Вот какие истории случаются в Медвежьих Сопках. И напрасно кто-то думает, что люди здесь живут скучно и уныло. Просто сегодня такой день, небогатый событиями. Но день еще только разворачивается, — и кто знает, что может произойти.
А пока в селе — тишина. Даже собаки попрятались, как сквозь землю провалились. Словно и существует в Медвежьих Сопках одна-единственная собака, такая запаскуженная и дряхлая, что еле волочит ноги, плетясь за стариком Коравье.
Они идут уже долго, очень долго — Коравье и его собака. Пройдут шагов тридцать — остановятся, постоят, передохнут. Если собака отстает, Коравье оборачивается, говорит ей: «Идем, идем. — И качает головой. — Совсем старая стала…»
Острый, удушливый запах дозревающего в ямах копальгына не тревожит их: Коравье потому, что ему де хочется есть, а собака давно утратила нюх.
Уже три года Коравье не пускался в такую далекую дорогу — от дома до клуба.
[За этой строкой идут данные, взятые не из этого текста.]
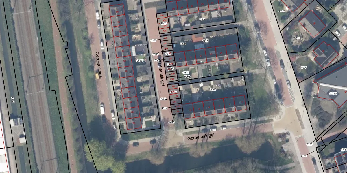 Het perceel waarop Gerberasingel 12-f staat heeft een oppervlakte van 55 m². Dit is een klein perceel. De perceeloppervlakte wordt geregistreerd door het Kadaster. Gedetailleerde informatie over de maten van dit perceel kunt u vinden in het rapport Kadastrale kaart met maatvoering van Gerberasingel 12-f.

Он и сегодня остался бы дома, если б не парень с книжками, который сказал, что из района едет начальник. Рыпель тоже начальник, тоже может приехать. Приедет и не зайдет к Коравье, будет жить у председателя, как прошлый раз, и Коравье не увидит его. Поэтому старик сам идет туда, где живет председатель, чтоб увидеть сына Рыпеля и поговорить с ним.
— Иди, иди, старая, — зовет он собаку, снова останавливаясь и поджидая ее.
Он понимает, что собаке тоже тяжела дорога, в которую они пустились, и жалеет ее. Он всегда жалел собак, не бил их и не ругал, потому что знал — собаки защищают людей от злых духов. Если бить их, они не простят: когда человеку настанет время покинуть Эту Землю, собаки искусают его и не пустят его к Верхним людям. Жена Коравье Тынеут уже давно покинула Эту Землю, но никогда не попадет к Верхним людям, потому что била и ругала собак. Теперь Тынеут блуждает где-то по разным землям, и ее грызут собаки…
Во дворе бухгалтера Чарэ была протянута от дома к сараю проволока, на ней висело одеяло, кухлянки и полосатый матрац. Седая женщина, мать Чарэ, колотила палкой по матрацу, выбивая пыль, а дочка Чарэ, черненькая девочка лет десяти, в темном платьице, с пионерским галстуком на шее, колотила другой палкой по одеялу.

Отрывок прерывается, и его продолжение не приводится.